--- Data to examine ---

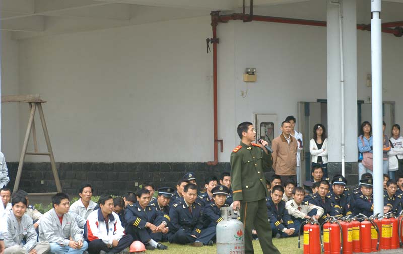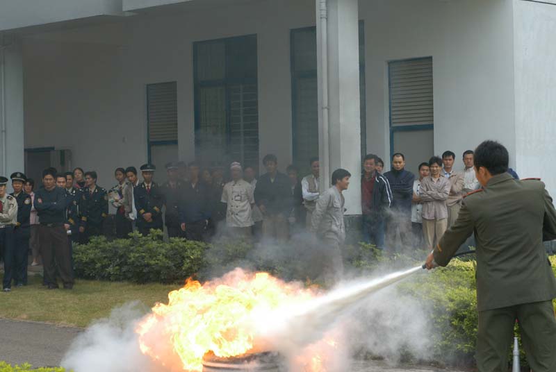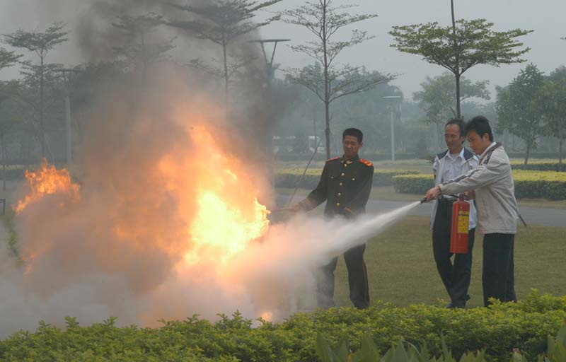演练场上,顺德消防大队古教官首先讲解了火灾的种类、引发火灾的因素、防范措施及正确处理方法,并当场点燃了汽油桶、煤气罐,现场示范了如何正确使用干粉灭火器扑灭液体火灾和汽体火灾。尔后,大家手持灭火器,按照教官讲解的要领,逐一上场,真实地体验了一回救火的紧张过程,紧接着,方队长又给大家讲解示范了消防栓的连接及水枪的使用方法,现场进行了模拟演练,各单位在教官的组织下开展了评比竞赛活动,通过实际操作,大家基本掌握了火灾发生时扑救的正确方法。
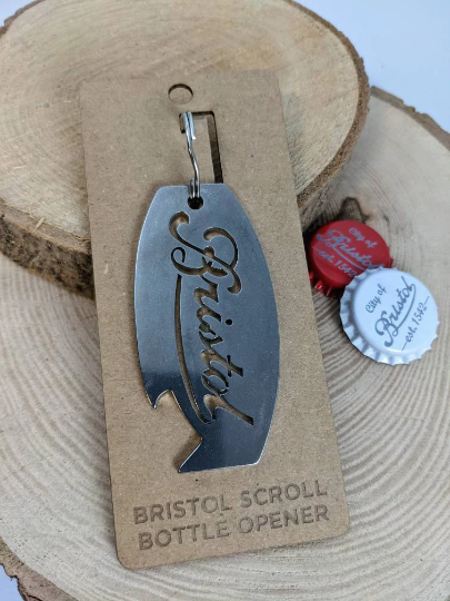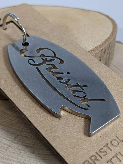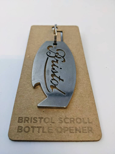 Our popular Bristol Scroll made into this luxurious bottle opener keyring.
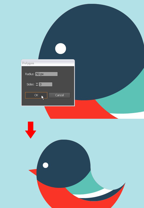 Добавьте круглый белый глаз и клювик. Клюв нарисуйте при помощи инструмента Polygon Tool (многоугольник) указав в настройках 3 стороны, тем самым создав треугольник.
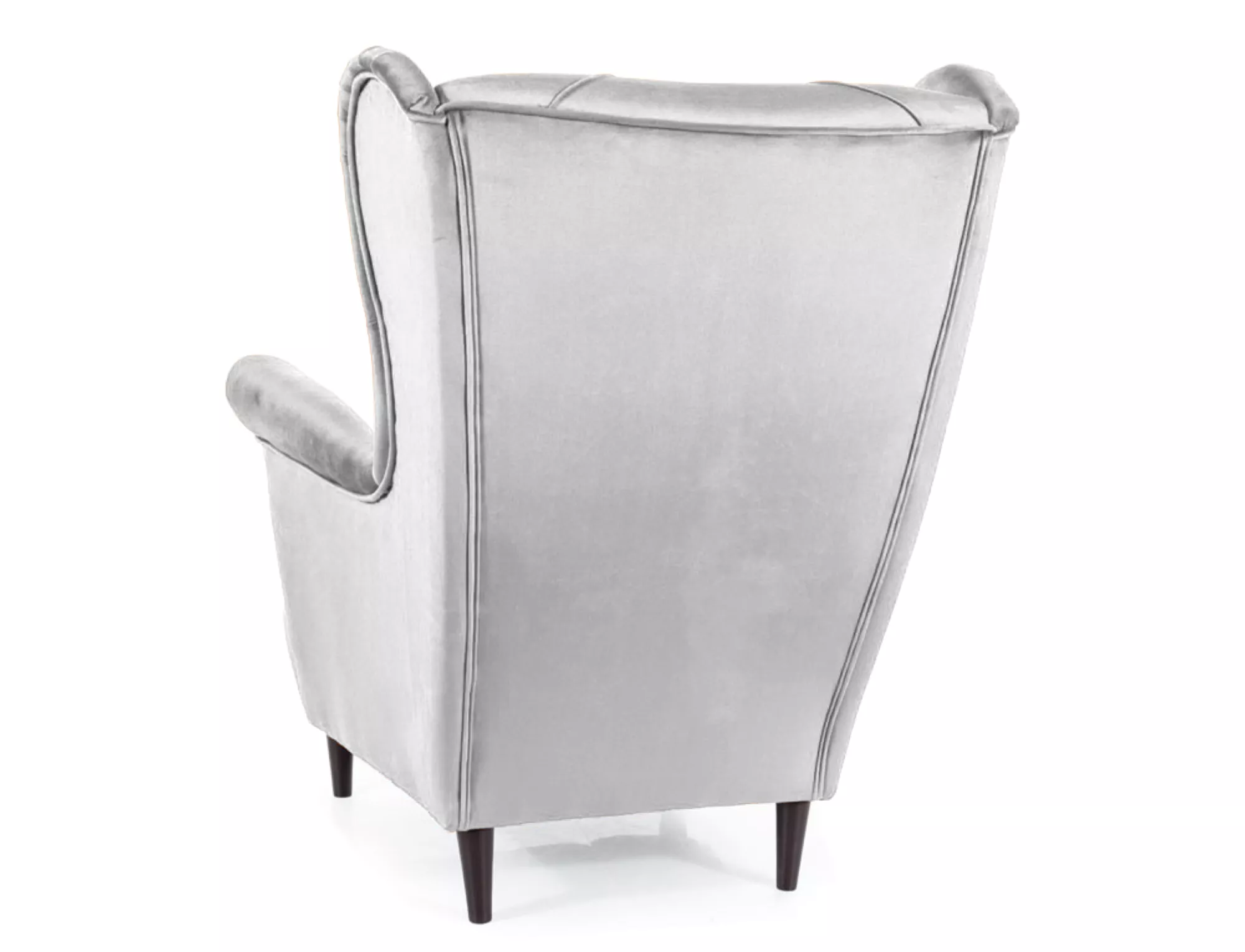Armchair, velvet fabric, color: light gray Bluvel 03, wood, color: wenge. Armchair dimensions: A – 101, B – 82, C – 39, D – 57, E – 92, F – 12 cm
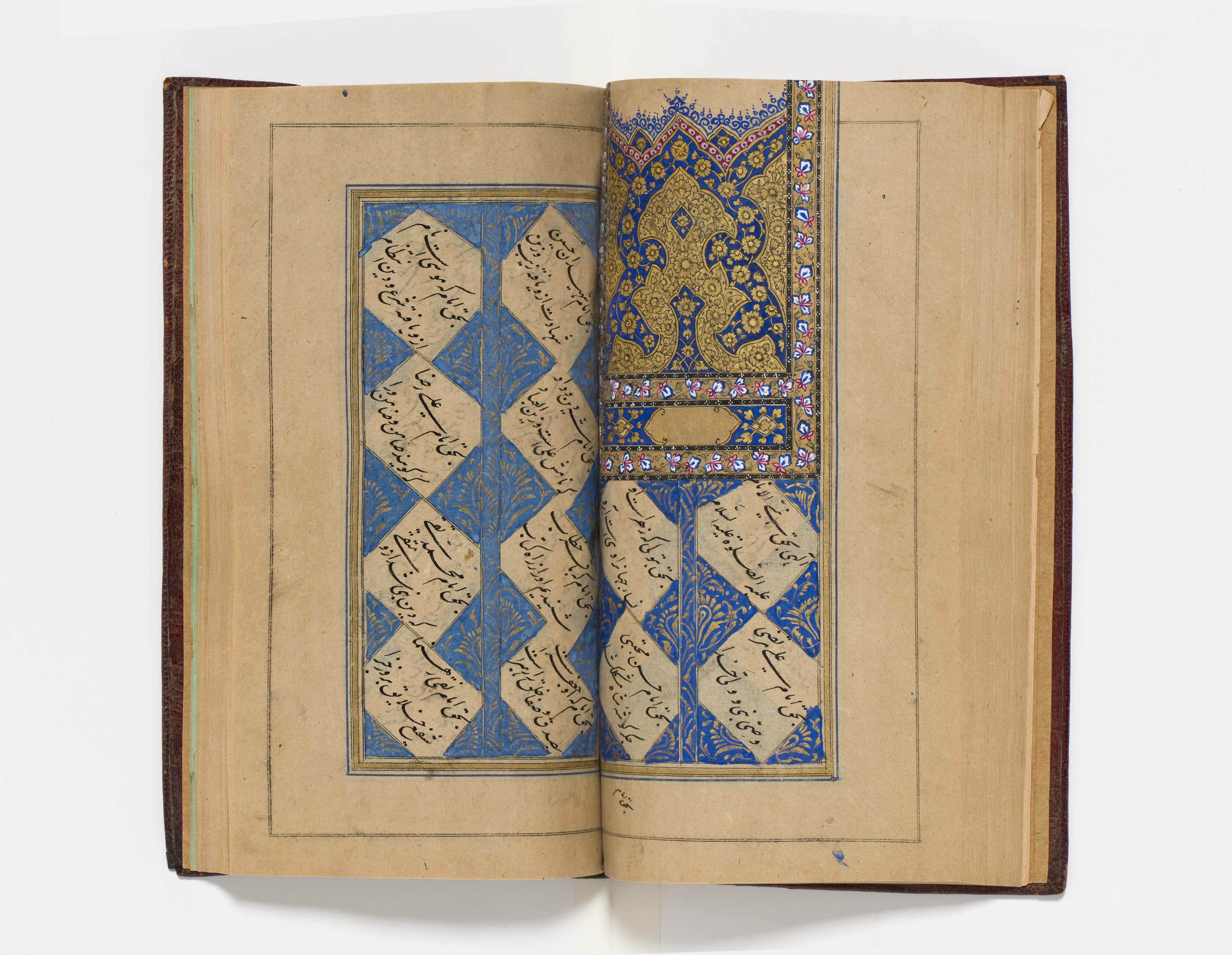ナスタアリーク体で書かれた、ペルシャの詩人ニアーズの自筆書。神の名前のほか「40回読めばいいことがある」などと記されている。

---

#### Task details
Retype the whole listing, keeping every line identical and omitting all pictures.

#### Written answer
演练场上,顺德消防大队古教官首先讲解了火灾的种类、引发火灾的因素、防范措施及正确处理方法,并当场点燃了汽油桶、煤气罐,现场示范了如何正确使用干粉灭火器扑灭液体火灾和汽体火灾。尔后,大家手持灭火器,按照教官讲解的要领,逐一上场,真实地体验了一回救火的紧张过程,紧接着,方队长又给大家讲解示范了消防栓的连接及水枪的使用方法,现场进行了模拟演练,各单位在教官的组织下开展了评比竞赛活动,通过实际操作,大家基本掌握了火灾发生时扑救的正确方法。
 Our popular Bristol Scroll made into this luxurious bottle opener keyring.
 Добавьте круглый белый глаз и клювик. Клюв нарисуйте при помощи инструмента Polygon Tool (многоугольник) указав в настройках 3 стороны, тем самым создав треугольник.
Armchair, velvet fabric, color: light gray Bluvel 03, wood, color: wenge. Armchair dimensions: A – 101, B – 82, C – 39, D – 57, E – 92, F – 12 cm
ナスタアリーク体で書かれた、ペルシャの詩人ニアーズの自筆書。神の名前のほか「40回読めばいいことがある」などと記されている。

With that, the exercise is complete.